DDP Performance: AWQ and SmoothQuant now support DDP with 2.9-3.2x speedups and up to 51% memory reduction per GPU (with 4 GPUs).
Compressed Tensors Refactor: Simplified API with clear entrypoints, removed sparsity support, streamlined compressor architecture
Quantization Lifecycle: Unified calibration timing (now at epoch end), decoupled observation from qparam calculation
Extended Quantization Support: GPTQ actorder now works across all weight strategies, AWQ refactored for NVFP4 compatibility
Converter Entrypoint: New tool and framework for converting from AutoAWQ and ModelOpt NVFP4 to Compressed-Tensors, as well as decompressing Compressed-Tensors checkpoints
Large Model Support: DDP+GPTQ+disk offloading fixes for models like Qwen3-VL-235B-A22B

DDP and Lifecycle Updates

AWQ DDP Support: Added DDP (Distributed Data Parallel) functionality for AWQ resulting in significant speedups and reduced GPU memory usage:

Model	Single-GPU Time	DDP Time (4 GPUs)	Speedup	Single-GPU Memory	DDP Memory	Memory Reduction
Llama-3-8B	7.02 min	2.40 min	2.9x	10.20 GB	4.99 GB	51%
Llama-3-8B (masked)	8.13 min	2.67 min	3.0x	10.14 GB	4.98 GB	51%
Qwen3-30B-A3B	459.65 min	143.90 min	3.2x	4.13 GB	3.36 GB	19%

Accuracy metrics remain comparable between DDP and single-GPU approaches.

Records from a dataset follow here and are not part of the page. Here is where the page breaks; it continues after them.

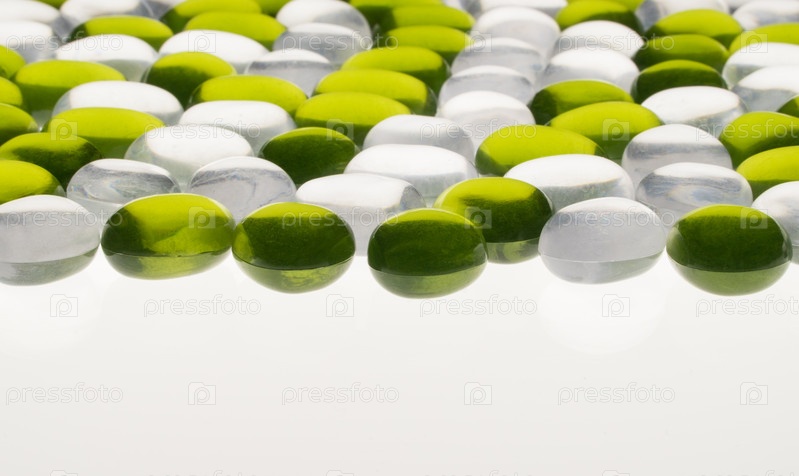 Искусственные круглые камни зеленого и белого цвета. имитация гальки
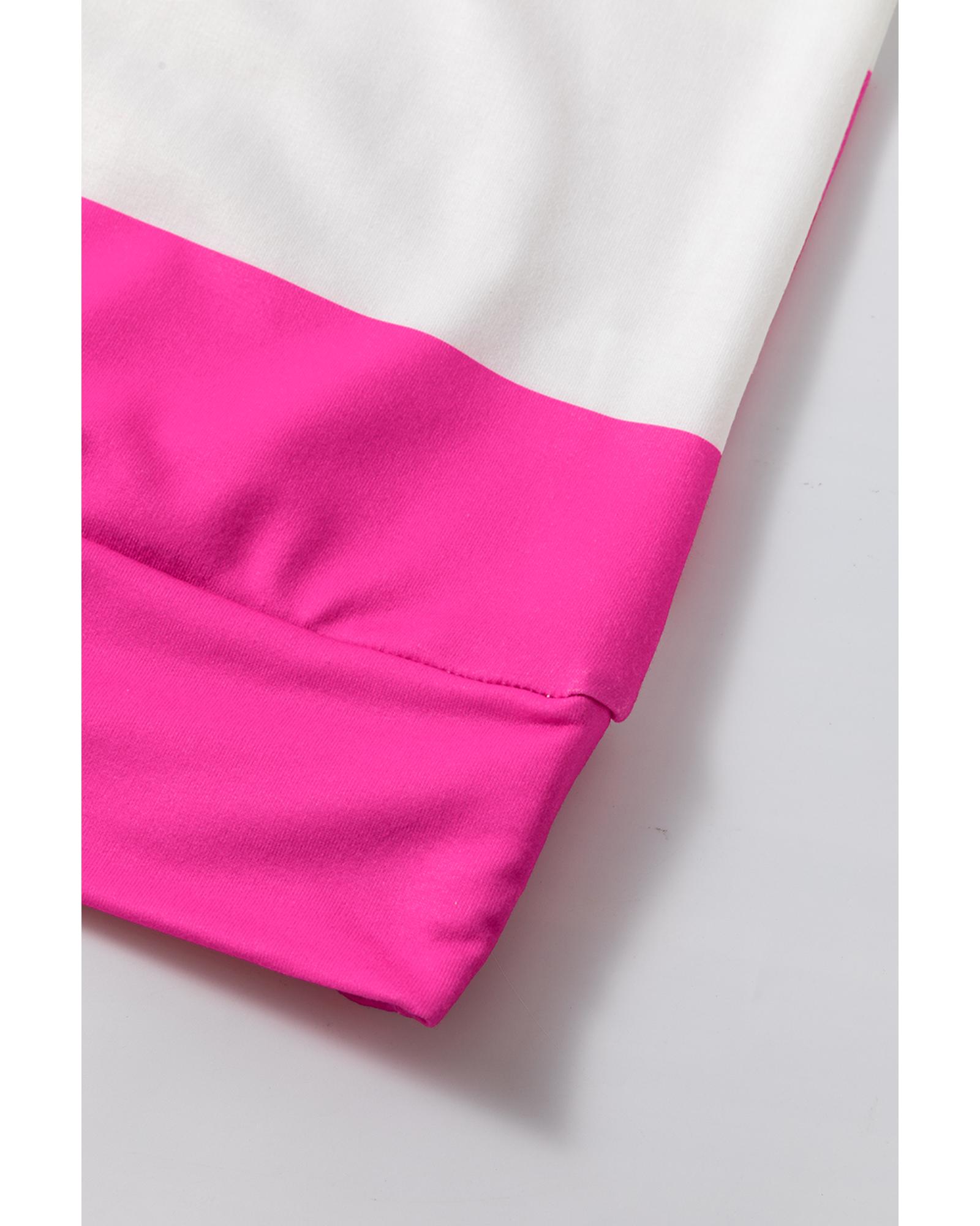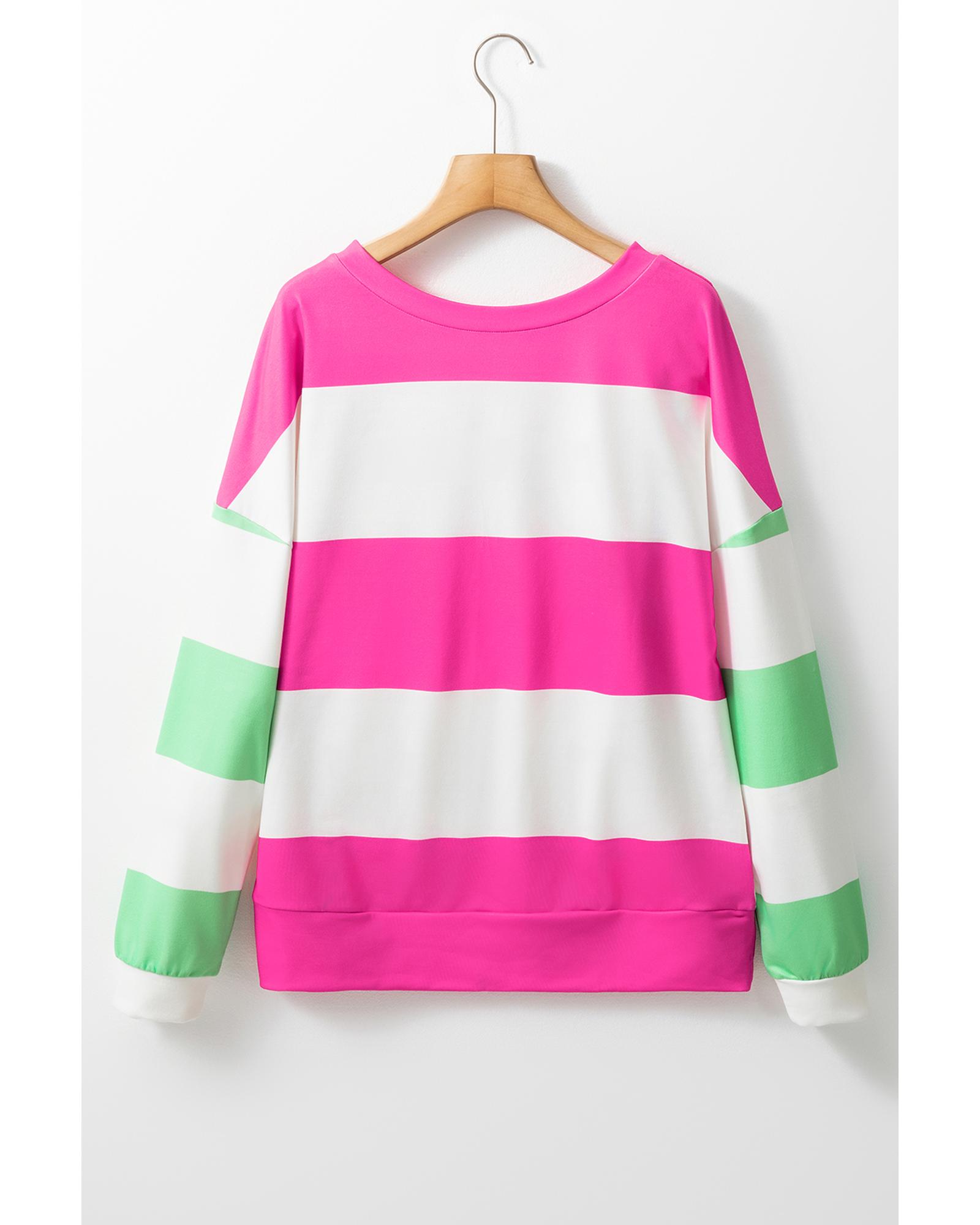 Rose Red Colorblock Striped Drop Shoulder Long Sleeve Top – M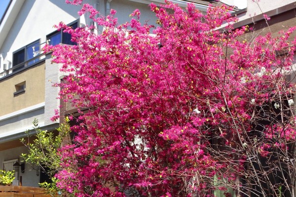 赤紫の花が木を覆うように、びっしりと咲いていました。
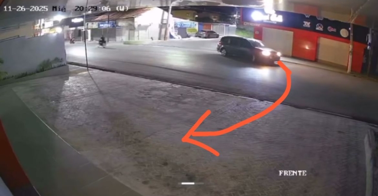 BARAHONA.-En las imágenes se observa que una yipeta tipo minivan permanece detenida en la parte izquierda de la calle, colocada en dirección contraria, con el frente hacia la avenida Luperón.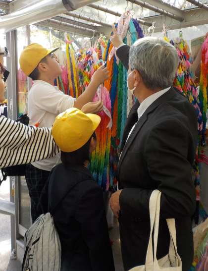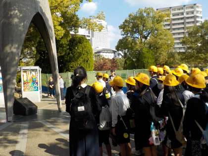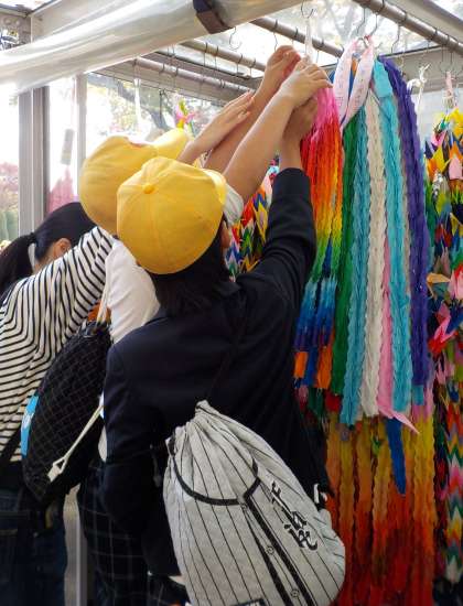 平和記念公園の「原爆の子の像」に千羽鶴を捧げます。

SmoothQuant DDP Support: Added DDP support for SmoothQuant resulting in significant speedups:

GPUs Total Time Peak GPU Mem Speedup

1 GPU 94.1 min 8.93 GB 1.00x

2 GPU 58.7 min 7.06 GB 1.60x

4 GPU 28.7 min 7.06 GB 3.28x

GPUs	Total Time	Peak GPU Mem	Speedup
1 GPU	94.1 min	8.93 GB	1.00x
2 GPU	58.7 min	7.06 GB	1.60x
4 GPU	28.7 min	7.06 GB	3.28x

Special thanks to @dzhengAP for their excellent contributions to the SmoothQuantModifier!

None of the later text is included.